First off let me provide links to the GitHub source page and to some demo environments.

GitHub netdata soure page

Demo sites

I’ll also include the creators description –

‘netdata is a system for distributed real-time performance and health monitoring. It provides unparalleled insights, in real-time, of everything happening on the system it runs (including applications such as web and database servers), using modern interactive web dashboards.’

‘netdata is fast and efficient, designed to permanently run on all systems (physical & virtual servers, containers, IoT devices), without disrupting their core function.’

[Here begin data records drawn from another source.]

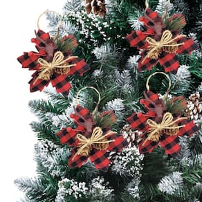 Elegância Natalina: Cada flor em tecido vermelho xadrez traz uma sensação de calor e aconchego para sua decoração.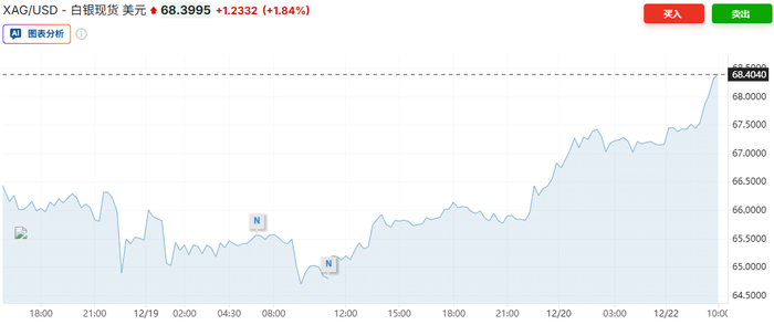 受地缘政治紧张局势加剧以及市场预期美联储明年将进一步降息的影响,白银价格继续创下历史新高,黄金价格也随之走高。周一,截至发稿,现货白银价格上涨1.84%,至68.3995美元/盎司。现货黄金价格上涨至接近4383美元/盎司,突破10月份创下的4381美元以上的历史高位,此前两周价格持续走高。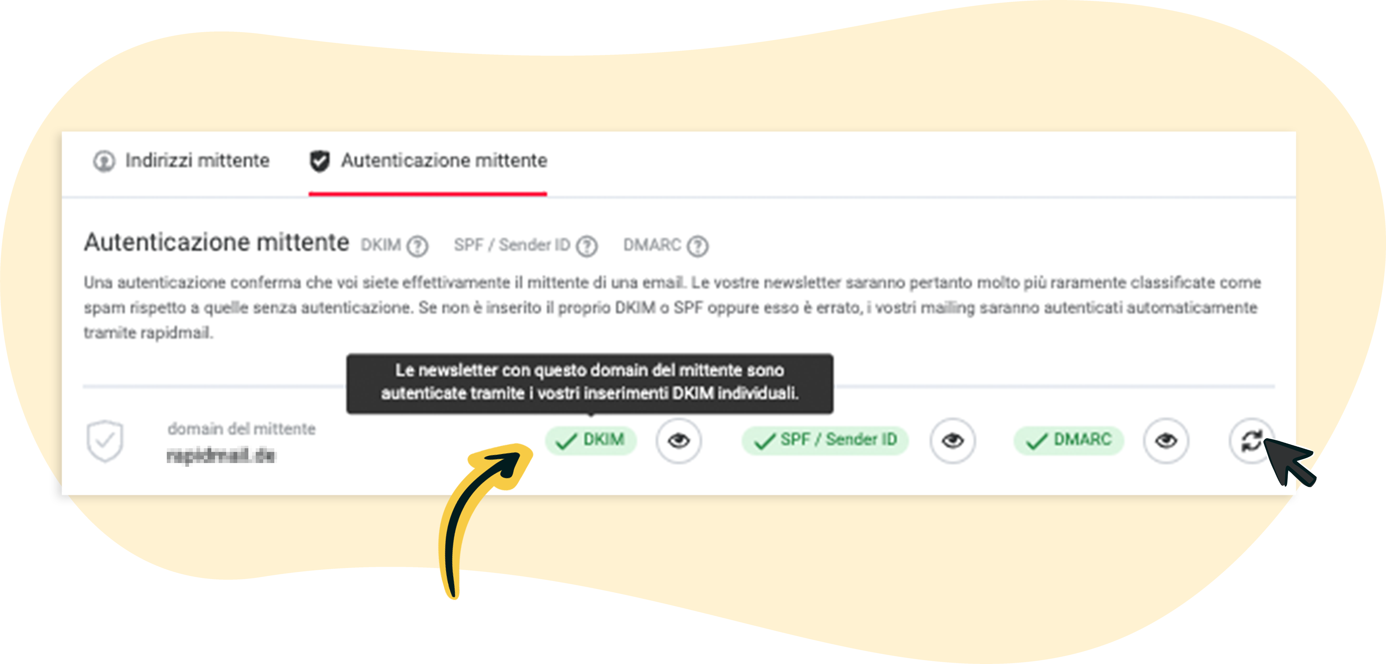 L’ultimo passaggio consiste nel tornare all’account rapidmail per verificare se tutto ha funzionato. Nella panoramica trovi un pulsante di aggiornamento (🔁). Fai clic su di esso per verificare se il codice DKIM è stato salvato correttamente.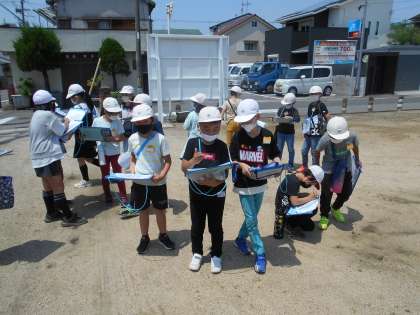 社会科の学習で,自分たちのまちの様子について学習してきました。今日は3地域に分かれて,実際に校区にはどんなものがあるかなど探検に出かけ,調べた事を元に地図を作成しようとしています。
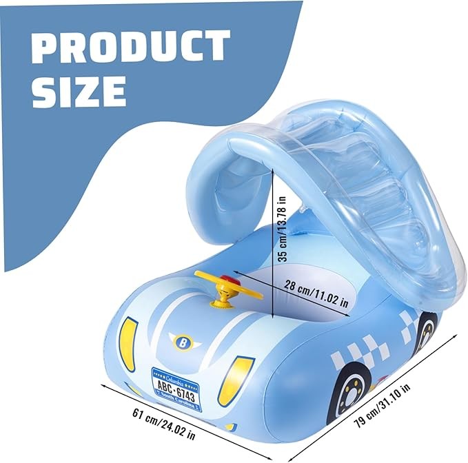 Sun Protection and Comfort: The built-in adjustable canopy protects your little one from harmful UV rays, providing essential sun protection and ensuring a comfortable, shaded environment during water play. Perfect for sunny pool days or beach outings.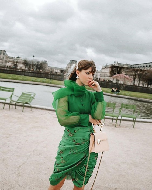Những set đồ tạo thành từ các item cùng tông màu luôn tạo ra cảm giác nền nã, sang trọng hơn hẳn. Sơ mi xuyên thấu cũng không ngoại lệ. Mix những chiếc sơ mi thời thượng với quần hoặc chân váy tiệp tông, bạn sẽ cho ra đời những bộ cánh vô cùng sành điệu, xóa tan cảm giác sexy thái quá của kiểu áo này. Với cách kết hợp kiểu matchy-matchy, bạn nên ưu tiên nội y màu da hoặc cùng màu với áo để không phá vỡ tổng thể.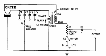 Encontrado em publicação americana sobre transistores dos anos 60, este circuito usa um transformador de rádio transistor e um transistor de germânio da época. Os capacitores determinam a frequência.

  • Stunning interactive bootstrap dashboards
    • Mouse and touch friendly, in 2 themes: dark, light
  • Amazingly fast
    • Responds to all queries in less than 0.5 ms per metric, even on low-end hardware
  • Highly efficient
    • Collects thousands of metrics per server per second, with just 1% CPU utilization of a single core, a few MB of RAM and no disk I/O at all
  • Sophisticated alarming
    • Supports dynamic thresholds, hysteresis, alarm templates, multiple role-based notification methods (such as email, slack.com, pushover.net, pushbullet.com telegram.org, twilio.com, messagebird.com)
  • Extensible
    • You can monitor anything you can get a metric for, using its Plugin API (anything can be a netdata plugin, BASH, python, perl, node.js, java, Go, ruby, etc)
  • Embeddable
    • It can run anywhere a Linux kernel runs (even IoT) and its charts can be embedded on your web pages too
  • Customizable
    • Custom dashboards can be built using simple HTML (no javascript necessary)
  • Zero configuration
    • Auto-detects everything, it can collect up to 5000 metrics per server out of the box
  • Zero dependencies
    • It is even its own web server, for its static web files and its web API
  • Zero maintenance
    • You just run it, it does the rest
  • Scales to infinity
    • Requiring minimal central resources
  • Back-ends supported
    • Can archive its metrics on graphite or opentsdb, in the same or lower detail (lower: to prevent it from congesting these servers due to the amount of data collected)

 

Right now we’ve got that out of the way let’s take a quick look at the installation process and then some examples of the charts available. I really do recommend you check out some of the demo links to get a feel for this great product.

 

Installation

The creator has provided installation guidance on the GitHub source page – https://github.com/firehol/netdata/wiki/Installation

I chose to setup a virtual server (VM) instance of netdata on the latest version of Ubuntu server (16.10). Once my VM had been deployed and networking setup I made sure to update the OS with the usual apt-get update/upgrade combination.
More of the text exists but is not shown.